A priori, lo mejor para la persona no está escrito, no es mejor uno u otro servicio. Es la persona que lo necesita la que se inclina por uno o por otro, de acuerdo a su particular punto de análisis y comprensión de su situación concreta. No porque sea mejor o peor, sino porque es lo que más le conviene y se ajusta a su realidad. Los profesionales, salvo que suponga un riesgo para ella o para los otros, respetamos y acompañamos sus decisiones, la apoyamos. Así que cada tipología de ayuda, tendrá argumentos válidos que se ajustarán a las personas y a sus propios intereses pero sobre todo a sus propias necesidades. Los trabajadores sociales sanitarios gestionamos la variabilidad.

Los trabajadores sociales sanitarios ayudaremos a las personas enfermas, a sus familias a reconocer la demagogia de los nuevos «charlatanes» para evitar falsas esperanzas.

Si alguien amparándose en un título universitario, defiende unos servicios frente a otros y se olvida de que primero estudiamos las necesidades de la persona, está quebrantando uno de los principios del trabajo social en general y por supuesto del trabajo social sanitario en particular: la autodeterminación de la persona, le niega su unicidad, y lo que es peor, le niega la ayuda de acuerdo al diagnóstico social sanitario que es el que permite desbrozar todas las incógnitas al respecto. No somos adivinos, somos profesionales, no buscamos acertar el diagnóstico, lo desarrollamos racionalmente y lo acotamos a la realidad de la persona.

Desde el trabajo social sanitario no manipulamos a las personas en favor de uno u otro servicio, las ayudamos a que se ayuden, a que ellas mismas puedan decidir si para su situación particular, en ese momento en concreto, es mejor tal o cual recurso. ¡Ojo! Se habla de recurso, no confundamos el recurso utilizado con el servicio prestado, siempre mucho más amplio y donde el trabajo social sanitario establece la diferencia con otras profesiones.

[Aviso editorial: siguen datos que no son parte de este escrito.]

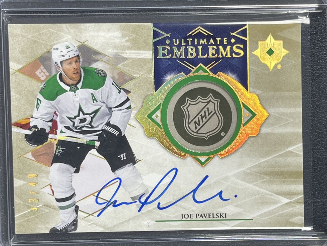 Joe Pavelski 2023 Upper Deck Ultimate Collection #UE-JP Ultimate Emblems - Gold Auto /25 RAW Price Guide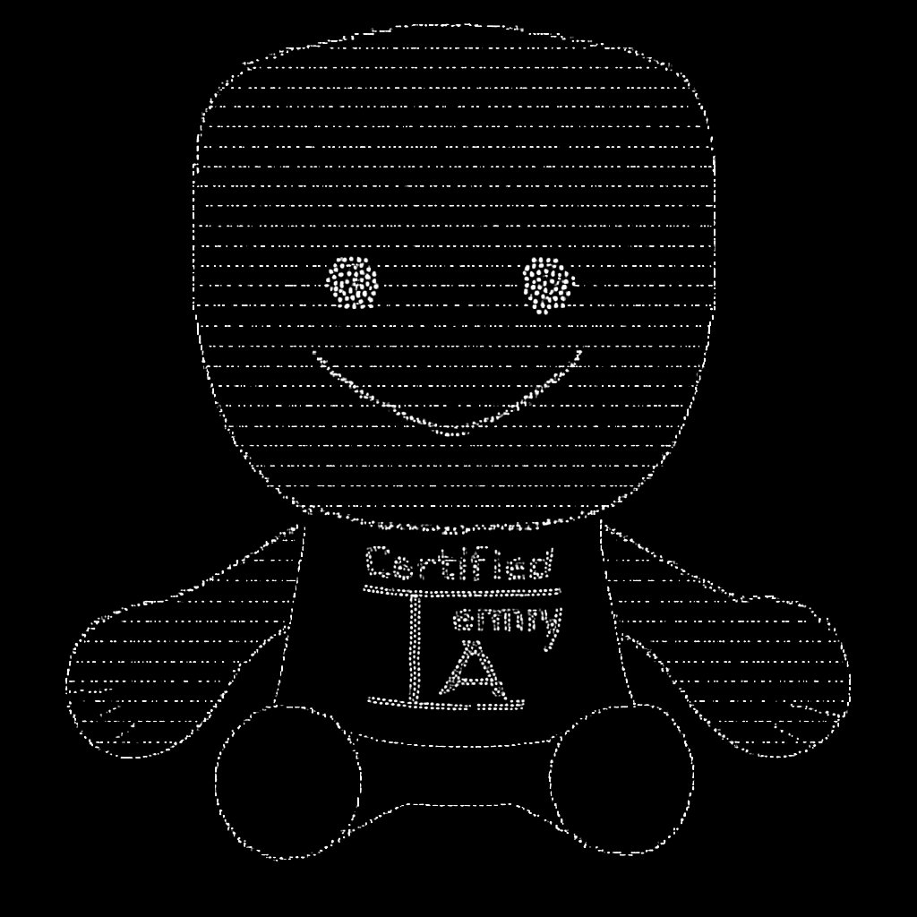 a white stuffed toy with a black shirt

Y más que nunca, debemos ser capaces de escuchar en vez de oír, de mirar en vez de ver, no nos dejemos engañar, ayudemos a las personas que atendemos a relativizar los mensajes de los nuevos «charlatanes» que se hacen hueco en los medios no precisamente por su currículo académico.

Puesto que esto irá a más, debemos mantenernos en alerta para que nosotros mismos no seamos pasto de estos nuevos «charlatanes» con lo cual implicaríamos rápido a las personas que atendemos. Debemos ayudar a las personas a que escuchen, a que miren para sean ellas mismas las que eviten el engaño.